BEGIN

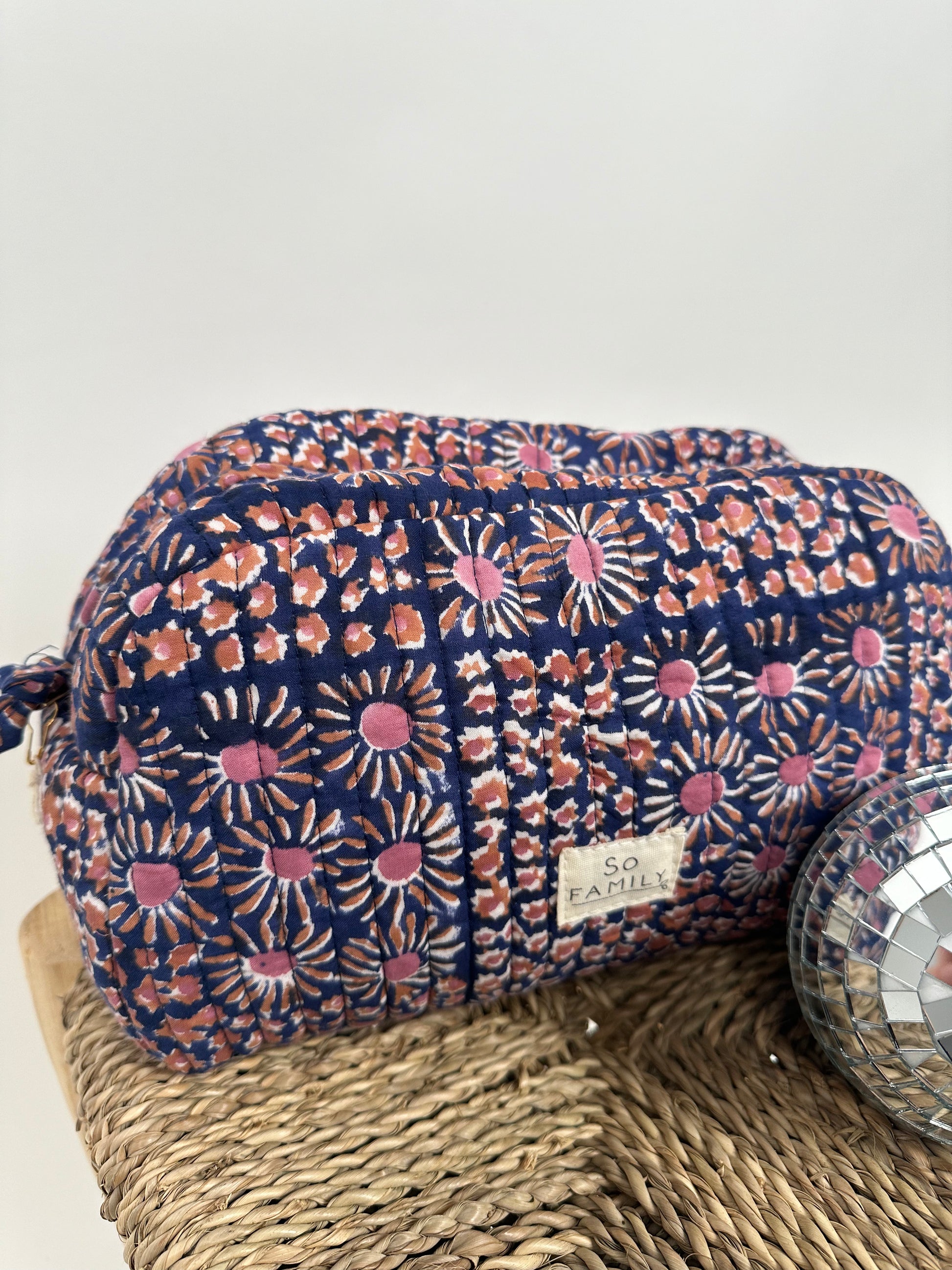 Confectionnée artisanalement à Jaipur, en Inde, selon la technique traditionnelle du block print, chaque trousse est unique.
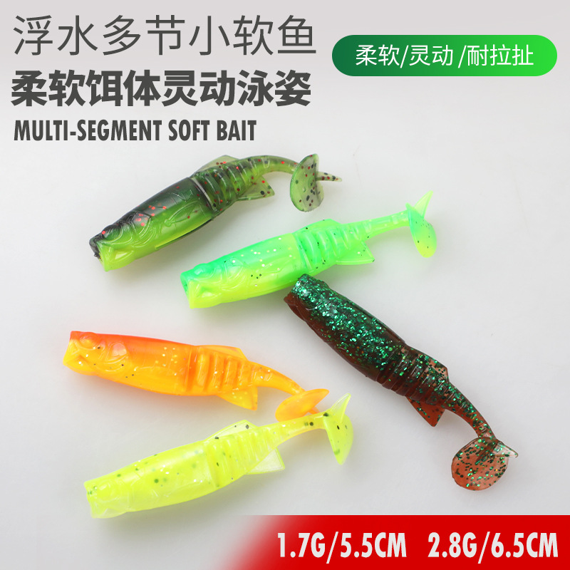 浮水10条1包T尾微物根钓仿生软饵鱼饵路亚饵1.7g 55mm/2.8g 65mm
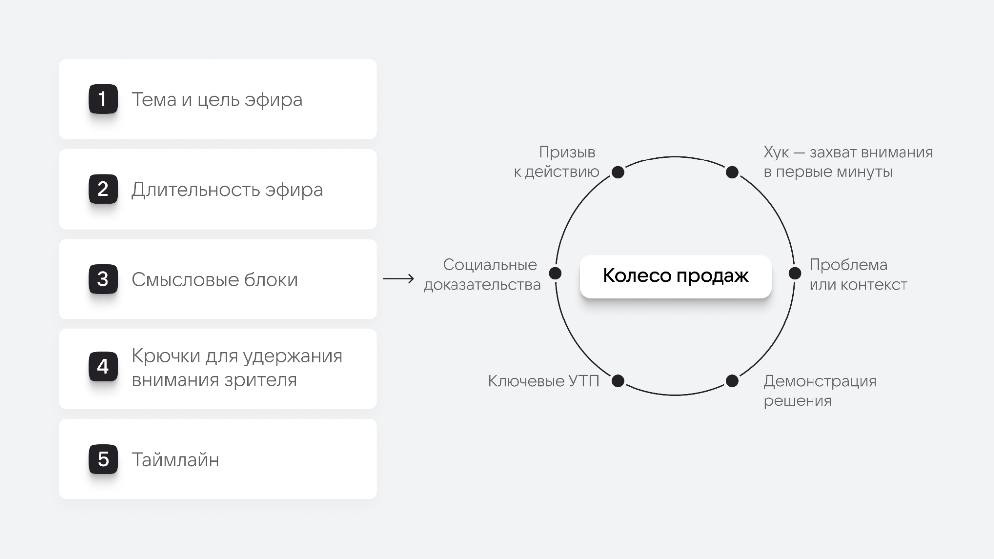 3. Смысловые блоки. В товарных стримах чаще всего используется базовая логика «колеса продаж» (про нее дальше), которая помогает удерживать внимание и последовательно вести зрителя к покупке.
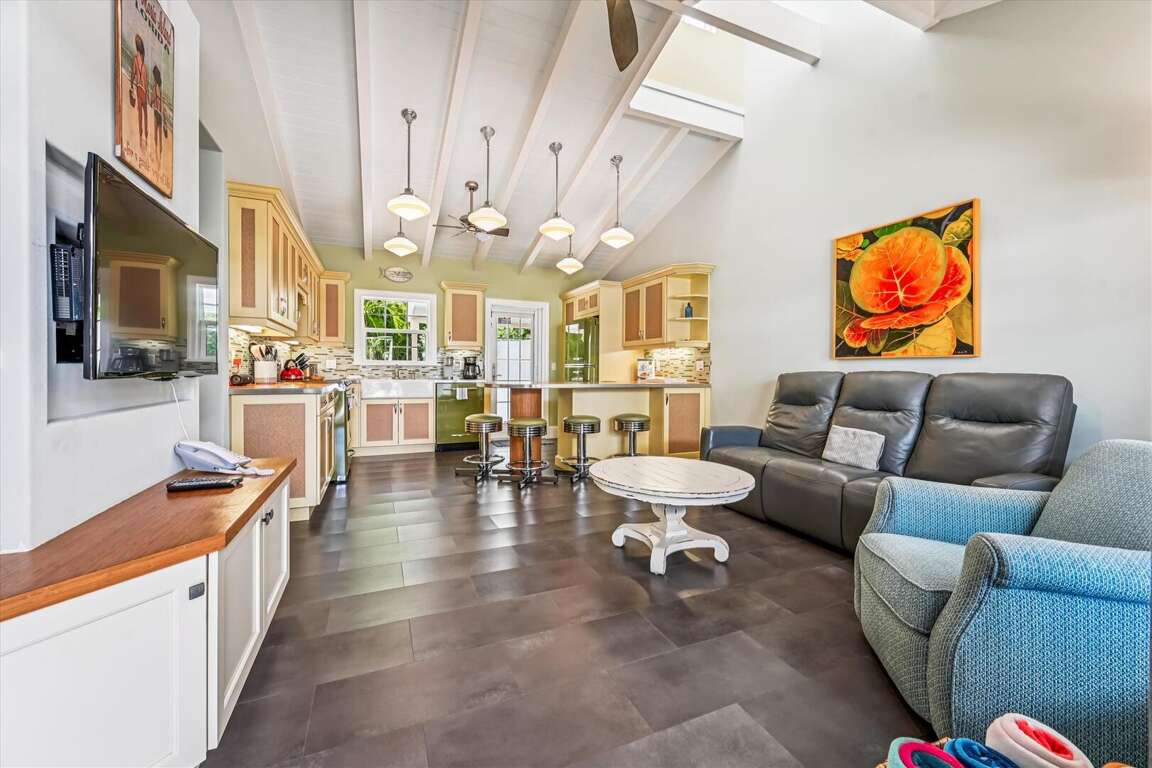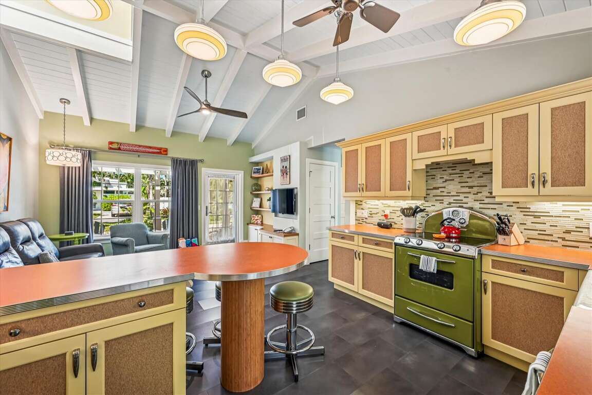 The Flip Cottage offers an array of well-appointed features that cater to both comfort and convenience during your stay in Holmes Beach, FL. Step into the spacious living area, where you can relax and unwind after a day of exploring the island. The fully equipped retro-style kitchen is a charming addition, complete with bar seating for four. Whip up a delicious meal or enjoy a cup of coffee while taking in the vintage vibes. The master suite is a true sanctuary, featuring a luxurious King size bed and 600 thread count prima cotton wrinkle-free sheets for a restful night's sleep. Linens, towels, and beach towels are all provided, ensuring you have everything you need for a comfortable stay.

END

## Exercise requirements
Everything from the opening line of the data through the line with "3. Смысловые блоки." should be repeated exactly; leave the pictures out.

## Exercise output
 Confectionnée artisanalement à Jaipur, en Inde, selon la technique traditionnelle du block print, chaque trousse est unique.
 浮水10条1包T尾微物根钓仿生软饵鱼饵路亚饵1.7g 55mm/2.8g 65mm
 3. Смысловые блоки. В товарных стримах чаще всего используется базовая логика «колеса продаж» (про нее дальше), которая помогает удерживать внимание и последовательно вести зрителя к покупке.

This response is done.